Luminescence characteristics of Dy3+ doped borofluoro-phosphate glasses for white emission applications

Abstract

The present work reports structural and luminescence studies on Dy3+ doped borofluorophosphate (BFPDY) glasses prepared with the chemical composition of (40-x)B2O3 + 30P2O5 + 10ZnF + 10K2O + 10BaO + xDy2O3, where x = 0.1, 0.2, 0.5 and 1 mol% by melt quenching technique. The structural and optical properties of the prepared glasses were analysed by means of XRD, FTIR, UV-V is absorption spectroscopy and photoluminescence emission and excitation spectra. XRD results confirm the amorphous nature of glass and FTIR studies reveals the presence of various stretching and bending vibrations of different structural units within the sample. The optical absorption spectrum has been recorded at room temperature and different absorption transitions were obtained and it is found that the transition via 6H15/2→6P7/2 is more prominent. From the absorption spectrum, optical band gap energy, nephelauxetic ratio (β) and the bonding parameter (δ) were determined. Excitation spectrum was recorded in the region 300-500 nm by monitoring emission at 572 nm and characteristic excitation bands were observed. The band at 348 nm arising through the transition 6H15/2→6P7/2 shows maximum intensity.
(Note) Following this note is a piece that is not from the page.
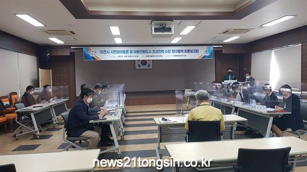 이천시(시장 엄태준)는 20일 농업기술센터 2층 회의실에서 유니세프 아동친화도시 인증 신청을 위해 지난 3월부터 8개월간 추진한 아동친화도시 연구용역을 마무리하는 ‘연구용역 최종보고회’를 개최하였다고 밝혔다.

The photoluminescence spectra of the fitted glasses have been recorded at an excitation wavelength of 348 nm and the spectra contain two intense emission bands in the blue (483 nm) and yellow (572 nm) regions and a weak band in the red region (663 nm). Concentration dependent variations in emission intensities were analysed. It is observed from the emission spectra that the luminescence intensity increases with the increase in Dy3+ ion content up to 0.5 mol% beyond that it decreases due to luminescence quenching. The Y/B intensity ratio by varying the concentration of Dy2O3 is also studied. The emission intensity were characterized through Commission International d'Eclairage (CIE) 1931 chromaticity diagram to explore its suitability for white light emission applications.